Politique

RDC : Antipas Mbusa Nyamwisi annonce son retour et affirme avoir le feu vert de Félix Tshisekedi

Antipas Mbusa Nyamwisi, ancien ministre de RDC. © DR / Mbusa Nyamwisi

Opposant farouche au pouvoir de Joseph Kabila depuis 2012, l'ancien chef de guerre Antipas Mbusa Nyamwisi annonce son retour en RDC avant le 30 juin 2019. Il confie en exclusivité à Jeune Afrique avoir obtenu des garanties auprès du nouveau chef de l'État, Félix Tshisekedi, de ne pas être arrêté à son arrivée.

Après sept ans d’exil, l’opposant congolais  a annoncé sa volonté de rentrer en RDC. « Je programme mon retour avant le 30 juin, j’ai déjà mon passeport », assure à Jeune Afrique Antipas Mbusa Nyamwisi, qui vit actuellement à Bruxelles, en Belgique. Il certifie par ailleurs avoir obtenu « la garantie de l’autorité suprême », le président Félix Tshisekedi, de n’être « ni arrêté, ni traqué » à son retour.

« Je ne peux plus attendre », insiste celui qui fut membre de plusieurs mouvements rebelles ayant pris les armes contre Mobutu Sese Seko, Laurent-Désiré et Joseph Kabila, dont il fut également le ministre des Affaires étrangères.

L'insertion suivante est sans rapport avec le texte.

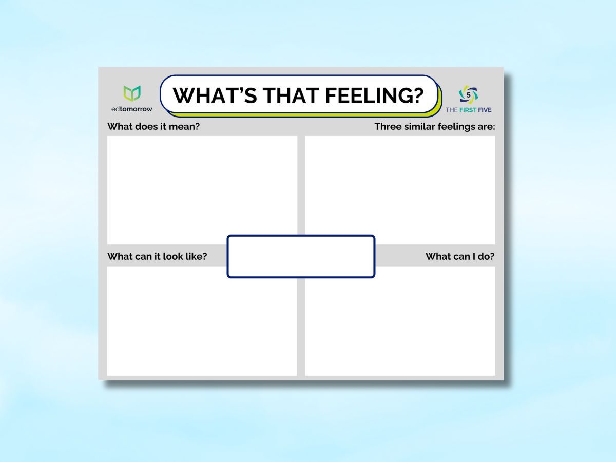 Start by sharing the word and what it means. Write the word in large letters inside of the rectangle in the middle. In the top left quadrant, share what the word means. In the bottom left quadrant, have students offer ideas of what this emotion may look like if someone is experiencing it. In this section, you can write the words, draw a picture, or paste an image (emojis work great). On the right side of the organizer, share or brainstorm three similar words that can go with that feeling. Finally, discuss strategies to manage this emotion in the bottom right quadrant. Using student input for these sections is always great, but feel free to share your thoughts and experiences!

Des contacts pris au Kenya

Ces garanties, Antipas Mbusa Nyamwisi – soutien déclaré de Martin Fayulu lors de la présidentielle – les obtenu alors même qu’il s’est montré particulièrement virulent à l’encontre de Félix Tshisekedi. En janvier dernier, lorsque ce dernier avait été investi  président de la République, Antipas Mbusa Nyamwisi avait même agité le spectre d’une guerre, appelant à mots à peine voilés à la lutte armée.

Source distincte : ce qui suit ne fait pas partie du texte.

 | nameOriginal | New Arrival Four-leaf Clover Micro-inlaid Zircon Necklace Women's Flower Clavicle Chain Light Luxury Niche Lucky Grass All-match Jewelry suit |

Des contacts avaient été établis avec le président congolais, quelques semaines plus tard, à l’occasion d’une rencontre au Kenya, en marge d’une tournée officielle de Félix Tshisekedi dans la région. L’opposant avait également fait part de ses contacts avec Félix Tshisekedi aux autres leaders de Lamuka – Moïse Katumbi, Martin Fayulu, Freddy Matungulu, Adolphe Muzito et Jean-Pierre Bemba – lors de leur dernière réunion fin avril à Bruxelles.

Lutter contre Ebola et les groupes armés

« Le parti a accueilli avec beaucoup de satisfaction et de soulagement l’annonce du retour imminent de son président Antipas Mbusa Nyamwisi », a réagi Grégoire Kiro, le secrétaire général du Rassemblement des Congolais pour la démocratie (RCD/KML).

Antipas Mbusa Nyamwisi, dont le parti est membre de la plateforme Ensemble pour le changement de Moïse Katumbi et de la coalition Lamuka, au sein de laquelle il arrive à la cinquième position pour la coordination tournante (trimestrielle), entend en effet « jouer un rôle de premier plan dans la recherche de la paix dans l’est du pays ». Et notamment dans la région de Beni, où l’activisme des groupes armés nationaux et étrangers sèment la terreur dans la population, « orpheline de son leader ». « Je dois venir contribuer aux efforts pour éradiquer le virus Ebola et les groupes armés, et pour ça je ne peux pas attendre », souligne-t-il.

La zone du « grand nord » de la province du Nord-Kivu (Béni, Butembo, et Lubero), où les rebelles Maï-Maï, FDLR et ADF sont actifs et où le virus Ebola a été déclaré, sont les zones d’influences politiques et militaires d’Antipas Mbusa Nyamwissi. Le 13 mai, la flambée épidémique déclarée depuis le 1er août 2018 avait déjà causé 1 136 victimes, dont 1 048 parmi les 1 632 cas confirmés.

Le 30 juin sous le signe de la réconciliation ?

Avant l’annonce d’Antipas Mbusa Nyamwisi, d’autres opposants en exil sont retournés en RDC ou annoncé leur retour. Le collectionneur et homme d’affaires Sindika Dokolo est retourné au pays depuis le 7 mai dernier, l’opposant Moïse Katumbi est annoncé le 20 mai prochain à Lubumbashi, et Jean-Pierre Bemba, le président du Mouvement de libération du Congo (MLC), est également annoncé dans le pays au cours des prochaines semaines.

Ces retours d’opposants, jusqu’ici impossibles sous le régime de Joseph Kabila, marquent une étape de plus dans la décrispation politique. Si Martin Fayulu, donné perdant au dernier scrutin, continue cependant son combat pour la « vérité des urnes » et revendique toujours la victoire, d’autres leaders de l’opposition – notamment Moïse Katumbi, se montrent plus conciliants avec le nouveau président.